EXERCISE INSTRUCTIONS: Find, in the records below, the line that contains "图 1 再次展示:内测邀请码邮件,包含下载二维码和使用流程" and the line that contains "- El producte". Copy those two lines and everything between them exactly, but not the pictures.

THE RECORDS:

Content starts

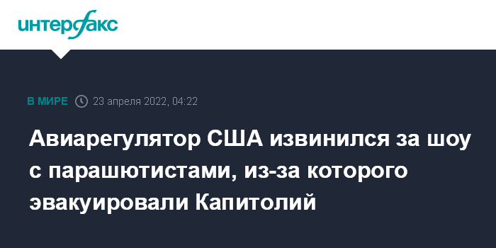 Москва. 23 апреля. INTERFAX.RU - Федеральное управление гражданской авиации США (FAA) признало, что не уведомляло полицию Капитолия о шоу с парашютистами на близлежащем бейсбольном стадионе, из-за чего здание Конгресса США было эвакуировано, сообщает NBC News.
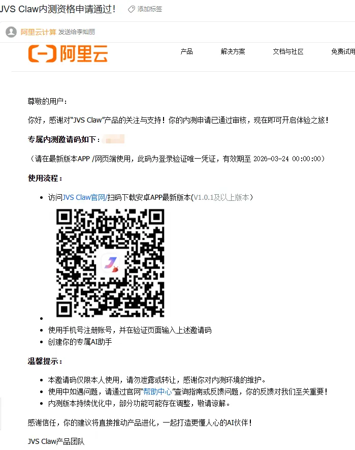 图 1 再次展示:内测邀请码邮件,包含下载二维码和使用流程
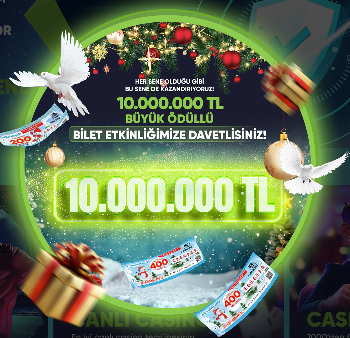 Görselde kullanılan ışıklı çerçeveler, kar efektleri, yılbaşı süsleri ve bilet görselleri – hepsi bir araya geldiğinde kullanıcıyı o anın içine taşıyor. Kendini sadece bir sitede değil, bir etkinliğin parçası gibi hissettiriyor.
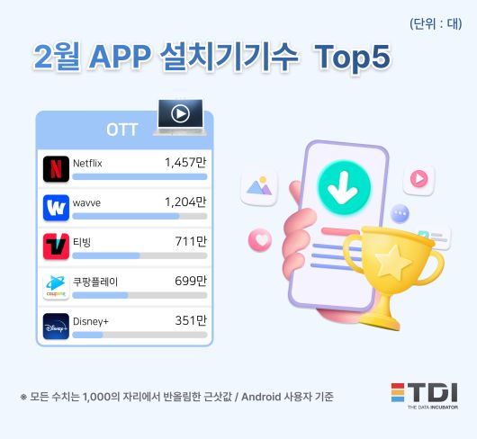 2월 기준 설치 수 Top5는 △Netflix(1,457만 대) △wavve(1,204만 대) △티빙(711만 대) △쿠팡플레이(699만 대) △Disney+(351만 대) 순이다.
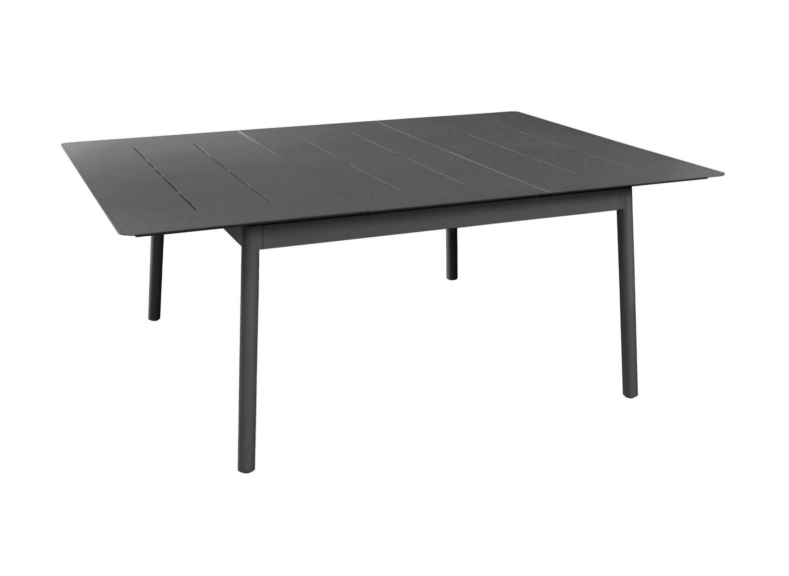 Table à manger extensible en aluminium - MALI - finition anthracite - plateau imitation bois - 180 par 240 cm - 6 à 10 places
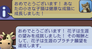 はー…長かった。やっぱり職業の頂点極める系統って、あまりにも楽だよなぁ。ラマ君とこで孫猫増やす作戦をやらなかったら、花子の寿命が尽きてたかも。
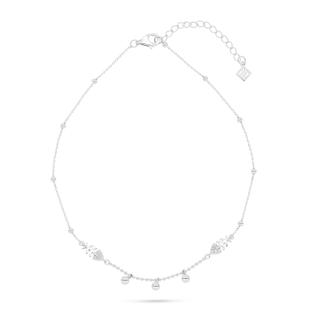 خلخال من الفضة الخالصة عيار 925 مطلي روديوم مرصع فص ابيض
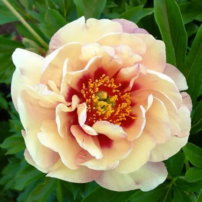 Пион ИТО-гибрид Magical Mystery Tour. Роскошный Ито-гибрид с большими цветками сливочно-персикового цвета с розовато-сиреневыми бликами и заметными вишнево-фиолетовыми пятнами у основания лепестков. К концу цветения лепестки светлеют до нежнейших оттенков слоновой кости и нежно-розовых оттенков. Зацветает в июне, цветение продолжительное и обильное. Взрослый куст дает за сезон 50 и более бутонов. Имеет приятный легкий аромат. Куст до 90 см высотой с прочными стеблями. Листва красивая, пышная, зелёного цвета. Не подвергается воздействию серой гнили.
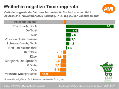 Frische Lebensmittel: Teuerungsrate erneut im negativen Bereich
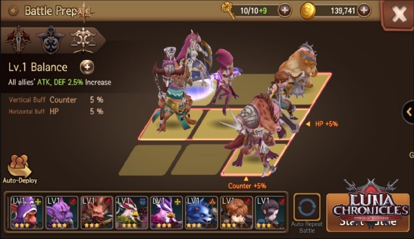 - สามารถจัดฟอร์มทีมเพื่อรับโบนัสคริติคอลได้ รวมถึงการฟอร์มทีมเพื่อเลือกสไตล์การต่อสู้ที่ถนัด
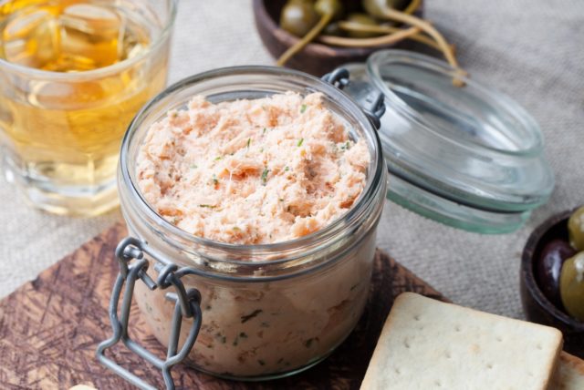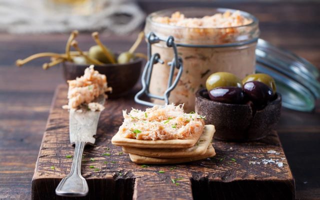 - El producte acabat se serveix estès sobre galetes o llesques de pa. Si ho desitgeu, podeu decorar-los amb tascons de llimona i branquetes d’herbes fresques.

Content ends
Content starts

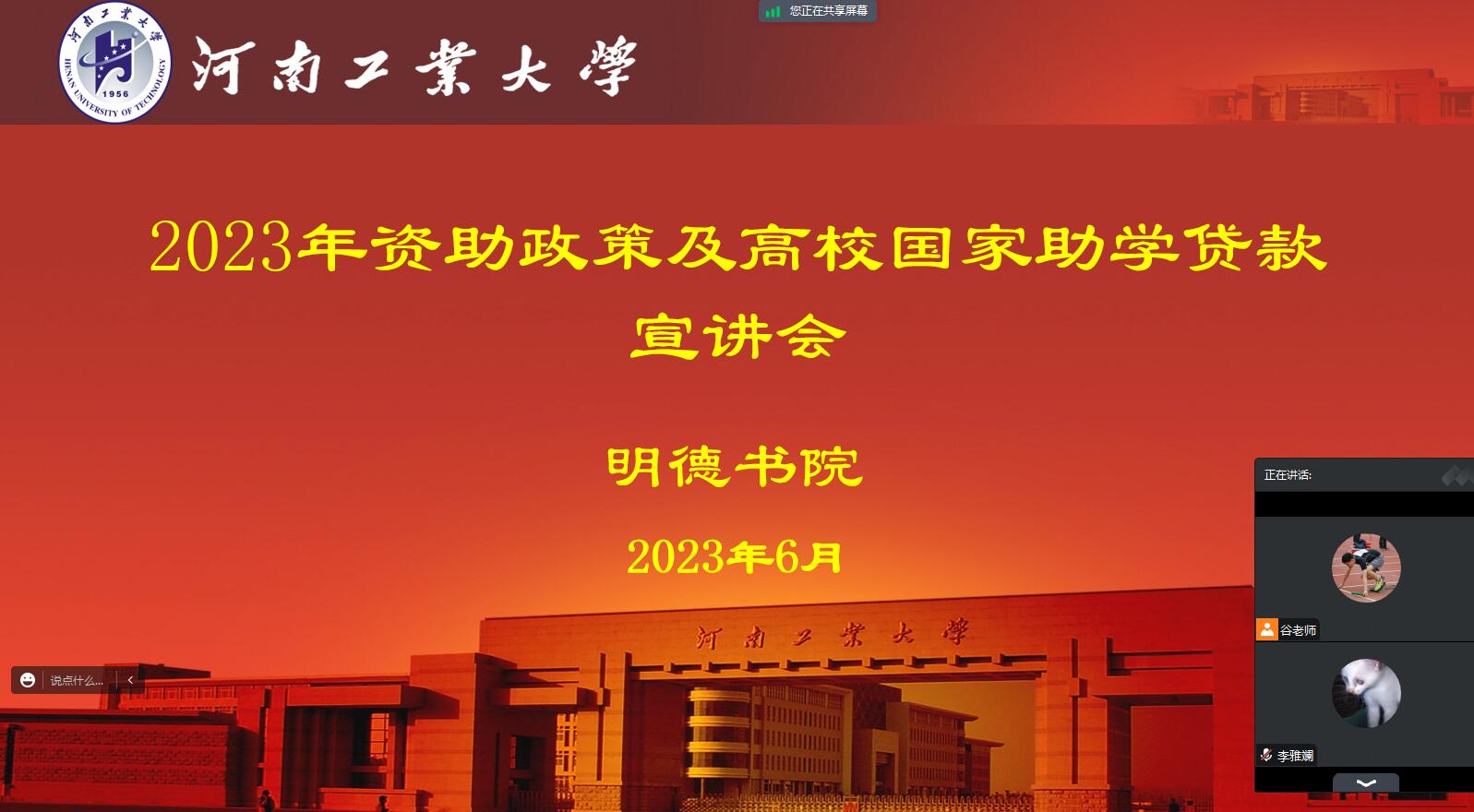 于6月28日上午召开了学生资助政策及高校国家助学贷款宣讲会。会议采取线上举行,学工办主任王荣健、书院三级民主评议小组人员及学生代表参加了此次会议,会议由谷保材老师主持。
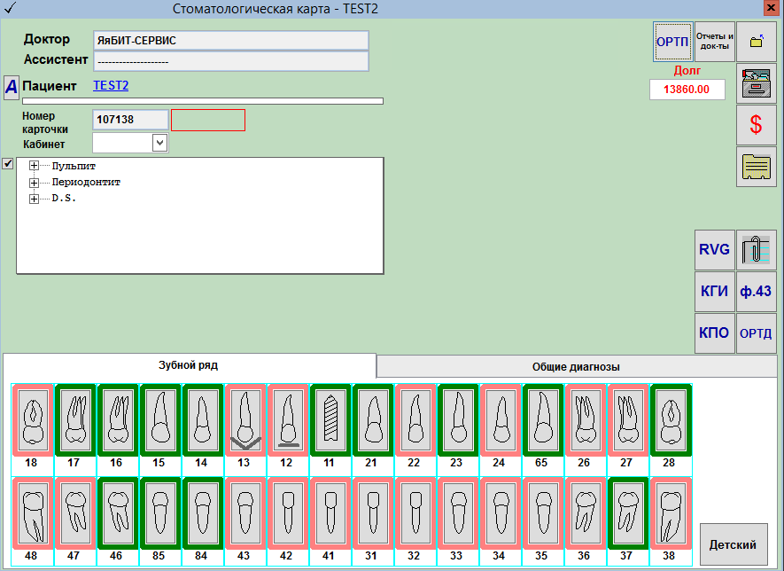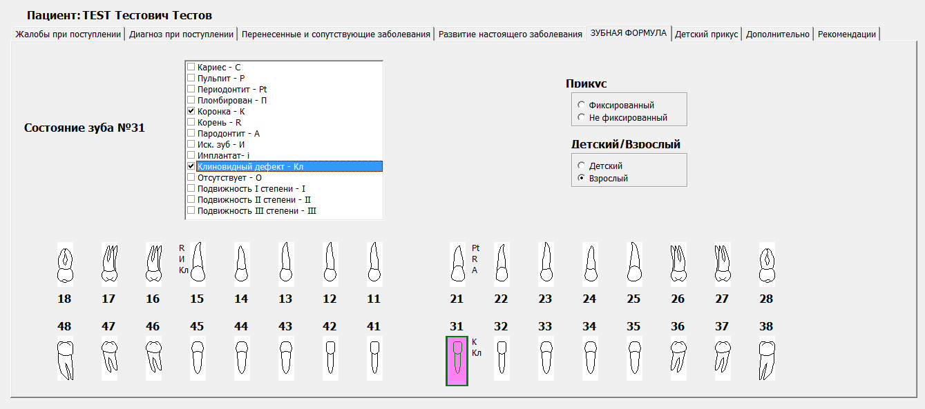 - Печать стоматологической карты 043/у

Content ends
Content starts

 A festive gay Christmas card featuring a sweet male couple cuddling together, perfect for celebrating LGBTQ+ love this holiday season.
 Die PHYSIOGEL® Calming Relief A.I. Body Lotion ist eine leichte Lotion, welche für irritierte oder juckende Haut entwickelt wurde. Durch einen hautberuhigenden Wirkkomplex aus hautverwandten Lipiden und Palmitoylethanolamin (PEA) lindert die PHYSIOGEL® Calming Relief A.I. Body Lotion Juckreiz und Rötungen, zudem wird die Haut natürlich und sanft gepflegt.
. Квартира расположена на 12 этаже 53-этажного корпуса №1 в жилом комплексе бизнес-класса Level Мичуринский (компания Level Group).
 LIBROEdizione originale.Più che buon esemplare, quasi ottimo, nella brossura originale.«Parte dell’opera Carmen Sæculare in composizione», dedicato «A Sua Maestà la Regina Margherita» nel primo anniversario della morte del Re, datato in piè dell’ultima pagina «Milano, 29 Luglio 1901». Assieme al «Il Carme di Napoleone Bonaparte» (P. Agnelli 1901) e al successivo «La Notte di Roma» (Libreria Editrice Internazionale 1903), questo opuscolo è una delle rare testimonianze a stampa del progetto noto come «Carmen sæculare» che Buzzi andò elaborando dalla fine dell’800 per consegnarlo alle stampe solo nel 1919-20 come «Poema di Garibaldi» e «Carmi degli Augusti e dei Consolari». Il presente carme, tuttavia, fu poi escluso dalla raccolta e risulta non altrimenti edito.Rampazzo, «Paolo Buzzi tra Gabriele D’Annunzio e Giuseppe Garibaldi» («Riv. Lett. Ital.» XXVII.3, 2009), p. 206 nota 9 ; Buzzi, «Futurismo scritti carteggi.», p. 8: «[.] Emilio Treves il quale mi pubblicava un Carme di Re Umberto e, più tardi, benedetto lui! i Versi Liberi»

Content ends

SOLVED EXERCISE:
 图 1 再次展示:内测邀请码邮件,包含下载二维码和使用流程
 Görselde kullanılan ışıklı çerçeveler, kar efektleri, yılbaşı süsleri ve bilet görselleri – hepsi bir araya geldiğinde kullanıcıyı o anın içine taşıyor. Kendini sadece bir sitede değil, bir etkinliğin parçası gibi hissettiriyor.
 2월 기준 설치 수 Top5는 △Netflix(1,457만 대) △wavve(1,204만 대) △티빙(711만 대) △쿠팡플레이(699만 대) △Disney+(351만 대) 순이다.
 Table à manger extensible en aluminium - MALI - finition anthracite - plateau imitation bois - 180 par 240 cm - 6 à 10 places
 はー…長かった。やっぱり職業の頂点極める系統って、あまりにも楽だよなぁ。ラマ君とこで孫猫増やす作戦をやらなかったら、花子の寿命が尽きてたかも。
 خلخال من الفضة الخالصة عيار 925 مطلي روديوم مرصع فص ابيض
 Пион ИТО-гибрид Magical Mystery Tour. Роскошный Ито-гибрид с большими цветками сливочно-персикового цвета с розовато-сиреневыми бликами и заметными вишнево-фиолетовыми пятнами у основания лепестков. К концу цветения лепестки светлеют до нежнейших оттенков слоновой кости и нежно-розовых оттенков. Зацветает в июне, цветение продолжительное и обильное. Взрослый куст дает за сезон 50 и более бутонов. Имеет приятный легкий аромат. Куст до 90 см высотой с прочными стеблями. Листва красивая, пышная, зелёного цвета. Не подвергается воздействию серой гнили.
 Frische Lebensmittel: Teuerungsrate erneut im negativen Bereich
 - สามารถจัดฟอร์มทีมเพื่อรับโบนัสคริติคอลได้ รวมถึงการฟอร์มทีมเพื่อเลือกสไตล์การต่อสู้ที่ถนัด
 - El producte acabat se serveix estès sobre galetes o llesques de pa. Si ho desitgeu, podeu decorar-los amb tascons de llimona i branquetes d’herbes fresques.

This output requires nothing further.